Preview of the maiden launch and docking of ESA's Jules Verne ATV. Jules Verne will be lifted into space on board an Ariane 5 launch vehicle. Credits: ESA - D. Ducros
by Staff Writers
Paris, France (ESA) Feb 13, 2008
After the successful launch of ESA's Columbus laboratory aboard Space Shuttle Atlantis on Thursday (7 February), it is now time to focus on the next imminent milestone for ESA: the launch of Jules Verne, the first Automated Transfer Vehicle (ATV) to be sent to the International Space Station.

The 20-tonne European resupply and space-tug module will be carried into orbit by a special version of the Ariane 5 launch vehicle.

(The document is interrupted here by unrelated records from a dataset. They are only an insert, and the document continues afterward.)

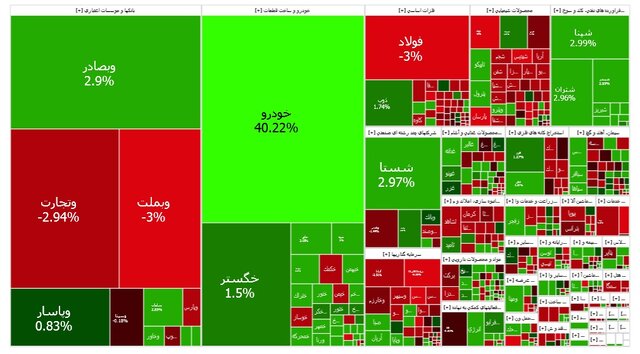 امروز اما در چهارمین روز کاری هفته شاخص کل بورس اوراق بهادار تهران ۳۶۵۹ واحد افت کرد و به رقم ۳ میلیون و ۱۳۲ هزار و ۶۳۲ واحد رسید. با این حال عمده نمادهای گروه نفت و همچنین خودرو تحت تاثیر مذاکرات و افزایش سرمایه ایرانخودرو و سایپا رشد کردند. نماد خودرو از پایان سال گذشته به دلیل برگزاری مجمع فوقالعاده افزایش سرمایه متوقف شده بود امروز ۴۰ واحد بالاتر از قیمت صفر تابلو بازگشایی شد.
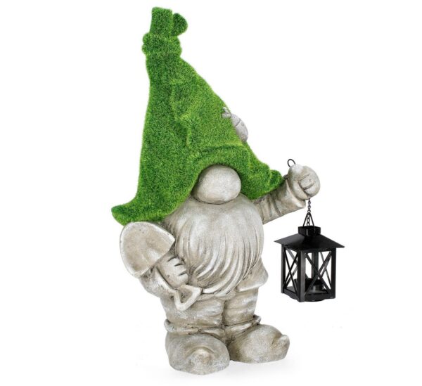 Scultura da giardino Gnomo con Lanterna. Nella lanterna può essere posizionata una candela.
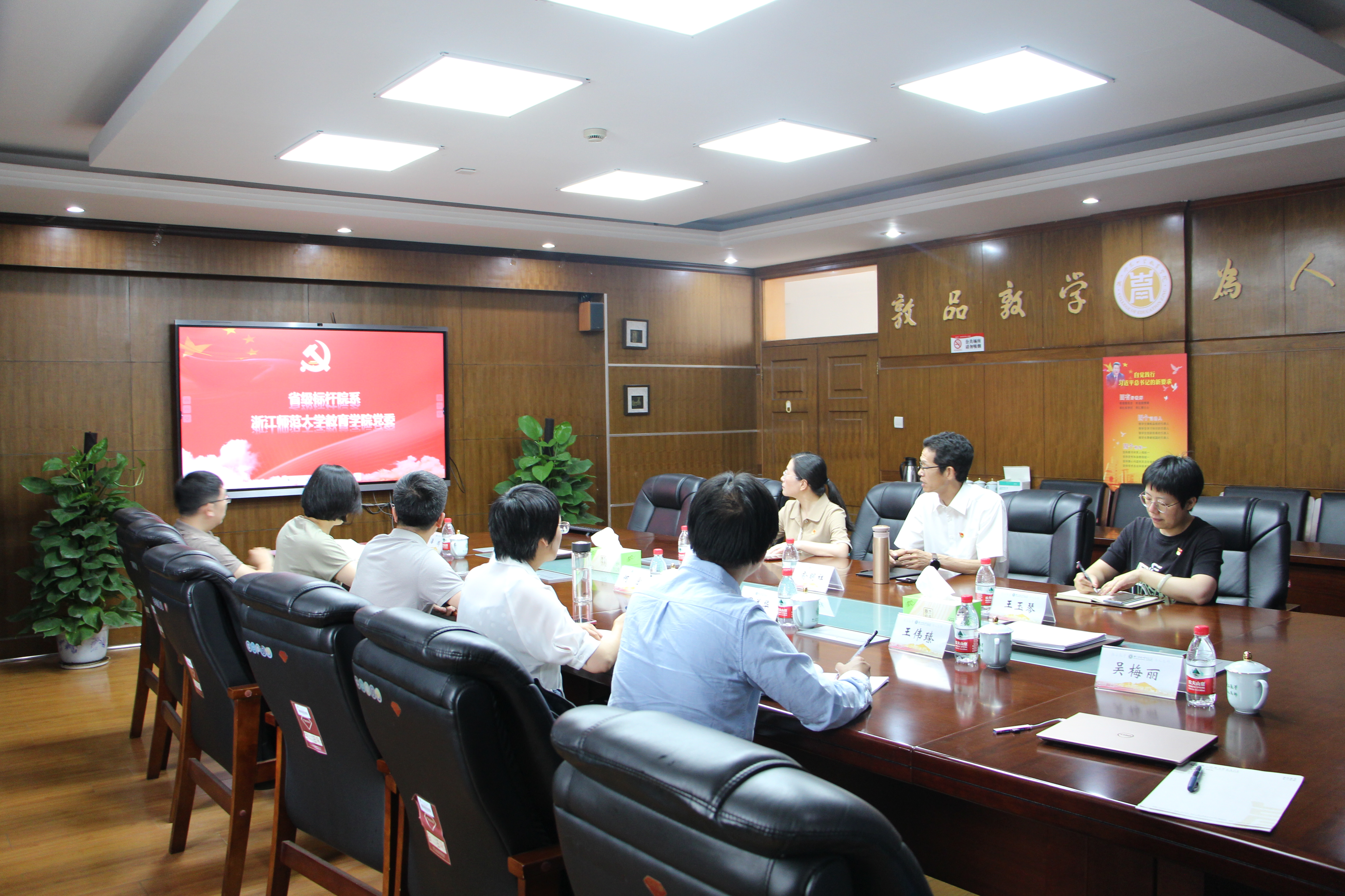 俞书记指出自主题教育开展以来,9001jcc金沙以诚为本党委牢牢把握“学思想、强党性、重实践、建新功”总要求,坚持学思用贯通、知信行统一,精心谋划、统筹安排、高效落实,以“六个高质量”扎实推动主题教育往深里走往实里走;并介绍了“下好‘五子棋’,打造教育共富样板”“大中小学思政一体化,共研育人‘同心圆’”“构建具有教育特色的大思政体系”等典型案例,并提出了关于加强新时代高校基层党建“双创”工作的若干思考。
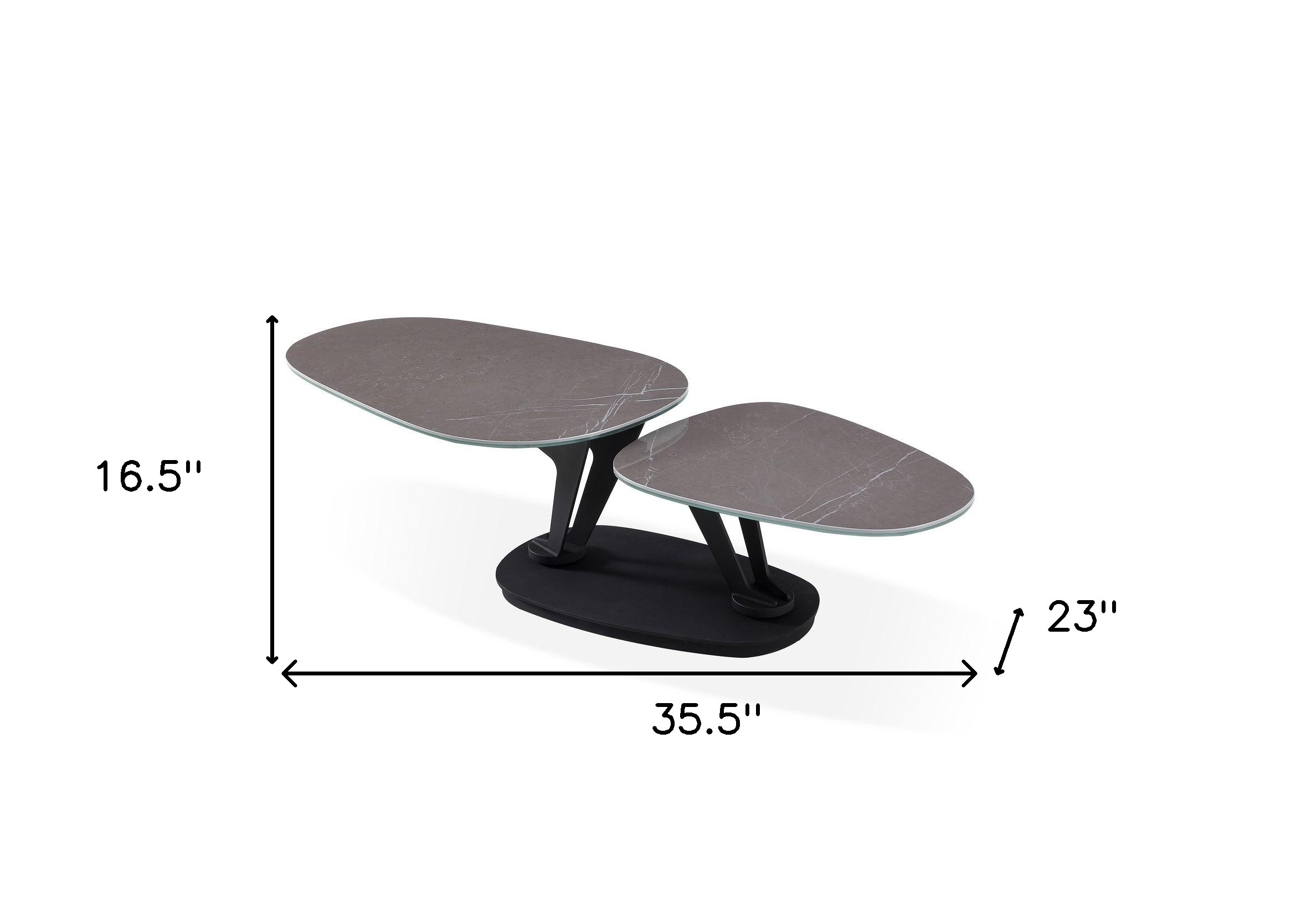Make your living room or family room really stand out with this contemporary 36-inch gray and black faux marble and metal oval coffee table. The gray ceramic faux marble double top surface of this table is a nice visual contrast to the high quality, black angled geometric metal of the base. This oval table is a way to add some striking and interesting dimension to your space. If you're looking for something that can fit into a living area, bedroom, or office, this coffee table is for you. 16.5-inch h x 35.5-inch w x 23-inch d.
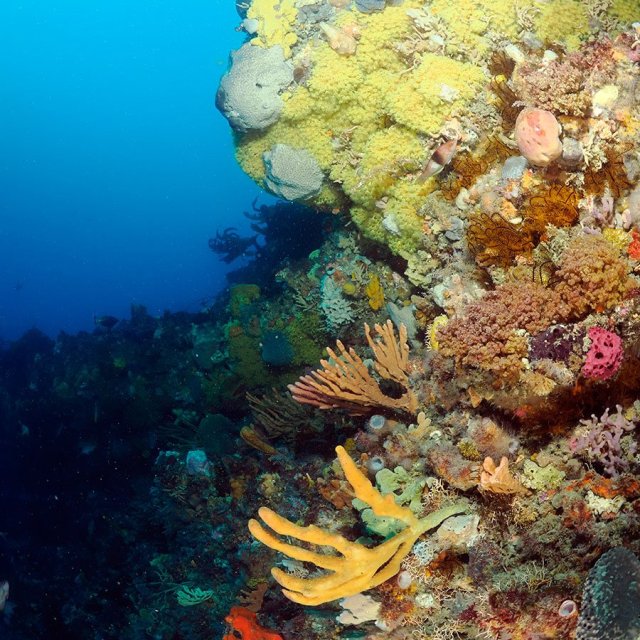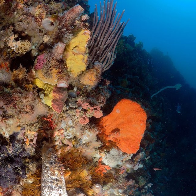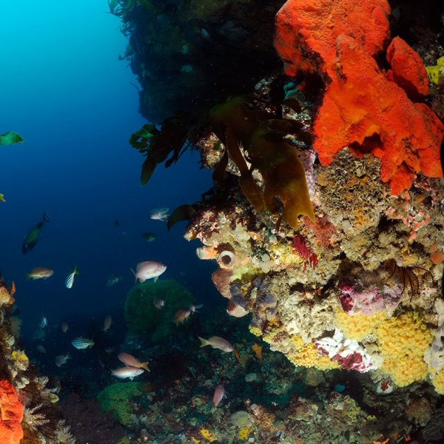 This dive provides dives of all experience levels and excellent location to investigate at slack water on either tides. The walls are covered in Yellow Zoanthids and the fish life is plentiful and varied.
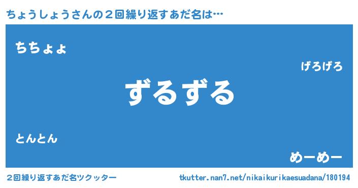 | 意味不明あだ名 | 『住所不定無職ちょうしょう(10歳)』 |
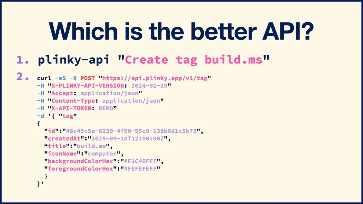 But what if I had a personalized tool made just for Plinky? What if I could simply type Create tag build.ms and have AI create and execute the correct curl request for me? This is Scribblenauts for Software thinking.
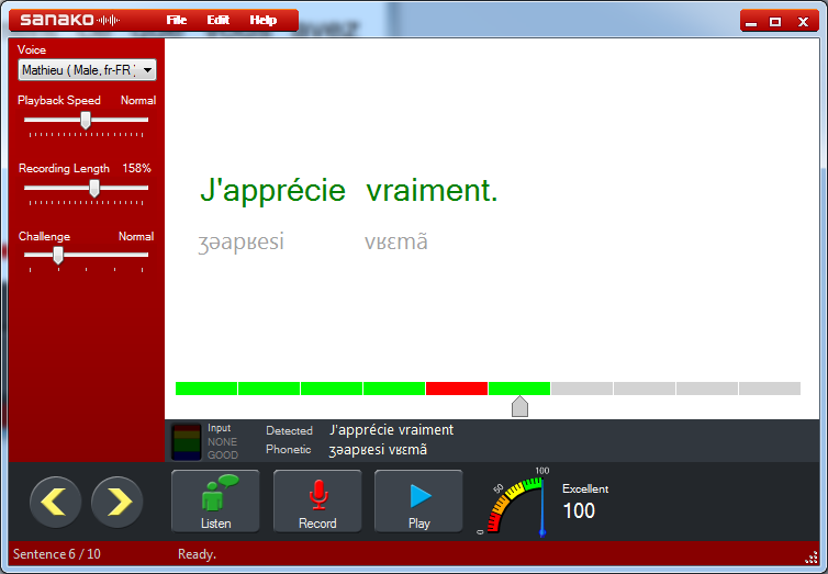 Mit Sanako Pronounce kann sehr einfach 7 Textmaterial in gesprochenen Text umgewandelt werden, um Aussprache und Sprachverständnis zu üben. Pronounce verbindet die neuesten Text-to-Speech-Technologien mit Spracherkennung und stellt somit ein mächtiges Werkzeug zum Sprachen lernen dar.
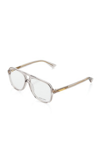 Bottega Veneta's eyewear collection reimagines iconic silhouettes in bold new volumes. These glasses have aviator frames made from transparent acetate. The gold ribbon temples are a brand signature. PRODUCT DETAILS - Composition: recycled acetate - Made in Italy
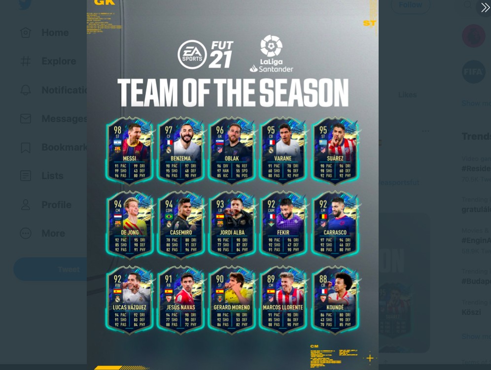 19:00 óra múlt, tehát megkaptuk a legújabb heti finomságunkat, mely a LaLiga TOTS teljes csapata.

The launcher, operated by Arianespace, is now scheduled to lift off from Europe's spaceport in Kourou, French Guiana, on 8 March at 01:23 local time, 05:23 CET.

From 2008 onward, ESA's Automated Transfer Vehicle will be one of the space station's supply spacecraft, delivering experiments, equipment and spare parts, as well as food, air and water for its permanent crew.

Constructed by EADS-Astrium, the ATV, which is the most powerful automatic spaceship ever built, will carry up to 9 tonnes of cargo to the station as it orbits 400 km above the Earth.

Equipped with its own propulsion and navigation systems, the ATV is a multi-functional spacecraft, combining the fully automatic capabilities of an unmanned vehicle with the safety requirements of a crewed vehicle . Its mission in space will resemble that, on the ground, of a truck (the ATV) delivering goods and services to a research establishment (the space station).

A new-generation high-precision navigation system will guide the ATV on a rendezvous trajectory towards the station. In early April, Jules Verne will automatically dock with the station's Russian Service Module, following a number of specific operations and manoeuvres (on 'Demonstration Days') to show that the vehicle is performing as planned in nominal and contingency situations.

It will remain there as a pressurised and integral part of the station for up to six months until a controlled re-entry into the Earth's atmosphere takes place, during which it will burn up and, in the process, dispose of 6.3 tonnes of waste material no longer needed on the station.